Cayenne Extract Powder for Deep Vein Thrombosis

Cayenne has anti-inflammatory benefits and can also dilate the blood vessels, promoting blood circulation. Take 500 milligrams of cayenne extract powder up to three times daily with plenty of water and meals.

Turmeric Extract Powder for Deep Vein Thrombosis

Like garlic, turmeric is a known anti-inflammatory and antioxidant beneficial to overall health and well-being. And like ginger, it also has cardioprotective and (possibly) anticoagulant effects (x). Take no more than 1,000 milligrams of turmeric extract powder once daily.

Treatments for Deep Vein Thrombosis

Anticoagulants for Deep Vein Thrombosis

Anticoagulants are the first line of treatment for DVT. They’re blood thinners that help the body dissolve existing clots and prevent new ones from forming. Doctors generally prescribe anticoagulants as soon as they make a diagnosis. Worth noting is that these medications can cause excessive bleeding if doses are too high (x). Warfarin or heparin are popular anticoagulants. Doctors prescribe thrombolytics if the risk of pulmonary embolism is high.

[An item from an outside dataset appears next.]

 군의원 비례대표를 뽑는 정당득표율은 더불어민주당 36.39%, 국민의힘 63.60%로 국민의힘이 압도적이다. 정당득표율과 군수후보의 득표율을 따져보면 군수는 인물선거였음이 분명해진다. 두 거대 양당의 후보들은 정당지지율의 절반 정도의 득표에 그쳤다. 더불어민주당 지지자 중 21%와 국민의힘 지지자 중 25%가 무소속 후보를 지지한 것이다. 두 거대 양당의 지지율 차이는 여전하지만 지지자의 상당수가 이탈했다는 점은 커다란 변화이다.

Compression Stockings for Deep Vein Thrombosis

Immobile patients in prolonged bed rest can use compression stockings to prevent blood from clotting. Doctors sometimes order the use of external pneumatic compression devices (x). These devices use air-filled cuffs to squeeze the legs, improving blood flow and dissolving clots.

Movement Exercises for Deep Vein Thrombosis

Doctors advise patients coming out of surgery to move as soon as possible. Performing leg lifts in bed can help prevent DVT by increasing blood circulation. Physical therapists can also recommend movement exercises that can strengthen the body and increase deep-vein blood circulation. Even walking has proven therapeutic effects in patients recovering mobility post-surgery.

Surgery

The surgical removal of blood clots is reserved for when all other treatment options fail or when patients can’t take anticoagulant medication due to pre-existing health concerns.

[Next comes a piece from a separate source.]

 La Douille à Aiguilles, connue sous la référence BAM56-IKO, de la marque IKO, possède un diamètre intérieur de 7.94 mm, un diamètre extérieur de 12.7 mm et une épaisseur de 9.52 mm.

Minimizing Risk Factors for Deep Vein Thrombosis

The best way to prevent DVT is addressing risk factors. If you’re worried about DVT and smoke, now may be the time to quit. If you’re obese, consider increasing your weekly exercise to help you lose weight faster. Also, if your job requires you to sit all day, consider taking more breaks to walk around.

The Bottom Line

DVT is a vein disorder that affects the deep venous system, usually in the legs or the arms. Symptoms and complications of DVT can range from life threatening (pulmonary embolism) to unnoticeable. If you suspect you have DVT or are at risk of developing it, booking a checkup with your doctor is the best way to get a diagnosis or come up with a preventive plan.

By understanding the risk factors and causes of DVT, making informed decisions around preventing it becomes easier. Now might be the time to fulfill your weight loss goals or quit smoking. Also, consider taking any of the supplements mentioned above to help you prevent or treat DVT. Remember to talk to your doctor first before you take supplements to determine whether they’re right for you.